When processing payments, the selected payment service providers collect the necessary payment data themselves. The data protection declaration of the respective payment service provider shall apply in this respect.

5. Duration of storage and possibility of objection and elimination
The data on your customer account including the order history will be stored with us until your customer account is deleted.

Outside your customer account we use the data of your orders for the execution and accounting of these. After execution, billing and payment of an order, we still store the data as long as we are obliged to do so due to tax, commercial law or other regulations. Only then does the deletion take place. The legal basis for this storage is Art. 6 para. 1 lit. c GDPR.

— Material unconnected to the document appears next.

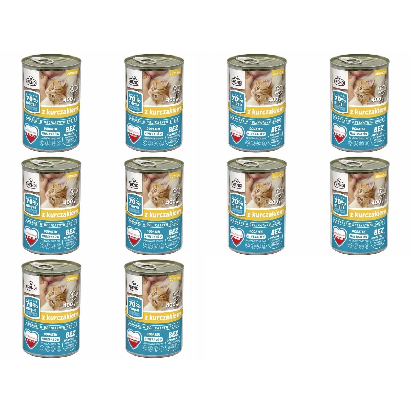 Komplet składa się z 10x FRENDI karma mokra dla kota kawałki w sosie z kurczakiem JUNIOR 400g

XI. Categories of recipients of personal data

For the provision of our website and the offered contact possibilities, we make use of other service providers, including host providers and e-mail providers, each based in the European Union, who process the data stored by them exclusively on our behalf as processors according to Art. 28 GDPR.

XII. Rights of the data subject

If your personal data are processed, you are a data subject within the meaning of the GDPR and you have the following rights against the controller (in the case of the fulfilment of further conditions regulated in the relevant regulations, if applicable):
  • The right of access according to Art. 15 GDPR
  • The right to rectification according to Art. 16 GDPR
  • The right to erasure ("right to be forgotten") according to Art. 17 GDPR
  • The right to restriction of processing according to Art. 18 GDPR
  • The right to a notification according to Art. 19 GDPR
  • The right to data portability according to Art. 20 GDPR
  • The right to object according to Art. 21 GDPR
  • The right not to be subject to a decision based solely on automated processing according to Art. 22 GDPR
  • The right to withdraw consent to the processing of personal data according to Art. 7 para. 3 GDPR

To assert these rights, please contact our data protection officer at the aforementioned address.
Without prejudice to any other administrative or judicial remedy, you also have the right to lodge a complaint with a supervisory authority, in particular in the Member State where you are staying, working or suspected of infringing, if you believe that the processing of personal data concerning you infringes the GDPR.